Auf einem anderen Foto reißt sich Obama wie in "Mission Impossible" die Maske vom Gesicht und zum Vorschein kommt das Antlitz seines Vorgängers George W. Bush. Ein Comic zeigt eine Häuserwand, die mit Obama-Plakaten beklebt ist. Der Präsident auf diesen Plakaten stiert regelrecht auf einen ganz verschüchtert vorbeilaufenden Mann mit Handy in der Hand. Und eines der Bilder, auf denen Obama mit US-Schulkindern vorm Computer zu sehen ist, ist untertitelt mit den Worten: "Ja, wir können auch sehen, wenn ihr diese Seite besucht."

"Er hat ein Ohr für alle"

Der Spott will auch am Tag des Obama-Besuches in Berlin nicht enden. Im Gegenteil: Er wurde hinausgetragen aus dem Netz in die Hauptstadt. Per sozialer Netzwerke wurde sich zum Protestieren in Berlin verabredet, Bilder bei Twitter zeigen Demonstranten, die "Yes we scan"-Plakate hochhalten.

Entsprechend sind auch die Erwartungshaltungen an die Rede Obamas mit der Späh-Affäre verknüpft. Da heißt es bei Twitter etwa lakonisch, er werde den bedeutenden Satz "Tear down this firewall" sagen in Anlehnung an Ronald Reagans "tear down this wall". "We are watching you", schlägt ein anderer User vor oder auch "Ick bin ein Trojaner. Und natürlich immer wieder "Yes we scan".

Aber auch allgemeiner Spott in Bezug auf die Affäre überzieht den Präsidenten. "Ob der Bundespräsident Obama die Gauck-Behörde als Vorbild für die Aufarbeitung von NSA Prism-Skandal empfohlen hat", fragt ein User.
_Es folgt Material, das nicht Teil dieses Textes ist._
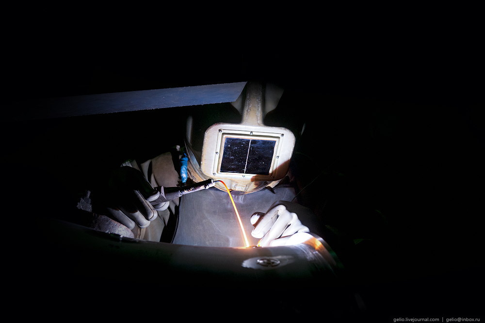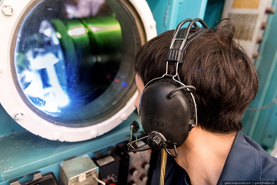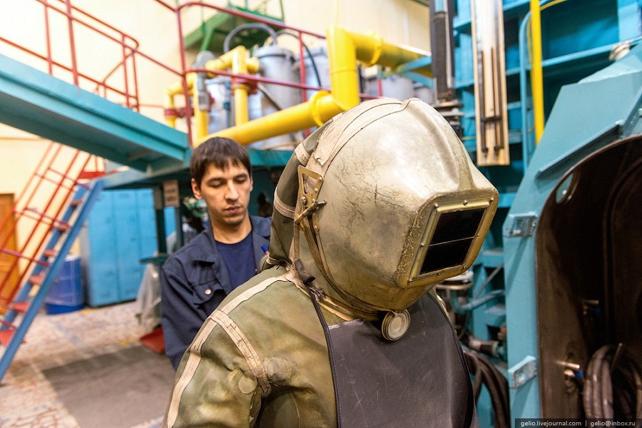 ▼溶接室内はアルゴンガス100%で満たされた環境になり、宇宙服のような装備が必要とのこと
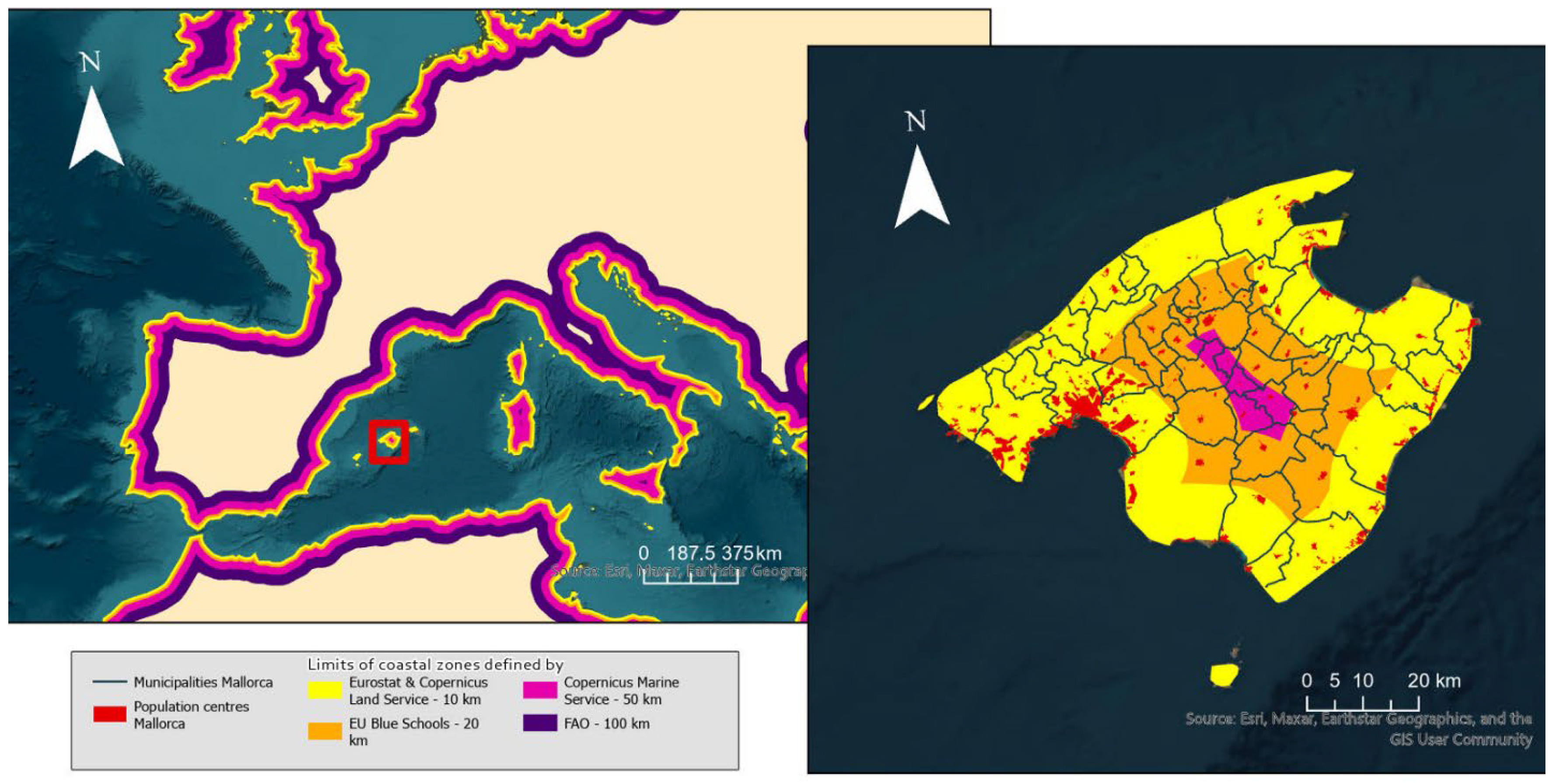 - Esteva-Burgos, C.; Ruiz-Pérez, M. Modeling Spatial Determinants of Blue School Certification: A Maxent Approach in Mallorca. ISPRS Int. J. Geoinf. 2025, 14, 378. [Google Scholar] [CrossRef]

Andere stellen Fragen wie "Hätte die Stasi Terror als Grund für ihre Überwachung genannt, wär also alles in Ordnung gewesen?" oder "Sollte man Obama eigentlich lieber blocken…? Kommt mir komisch vor das er mir folgt…" "Man kann sagen, was man will, über diesen Obama, aber er hat ein Ohr für alle", bemerkt ein weiterer User spöttisch.

Ob Obama von all den Protesten etwas mitbekommt im hochabgeriegelten Berlin, ist fraglich. Um das Thema herumkommen wird er nicht, wenn Merkel ihn darauf anspricht. Doch dass sich an der Praxis wirklich etwas ändert, das glaubt in diesen Tagen wohl kaum ein Internetnutzer.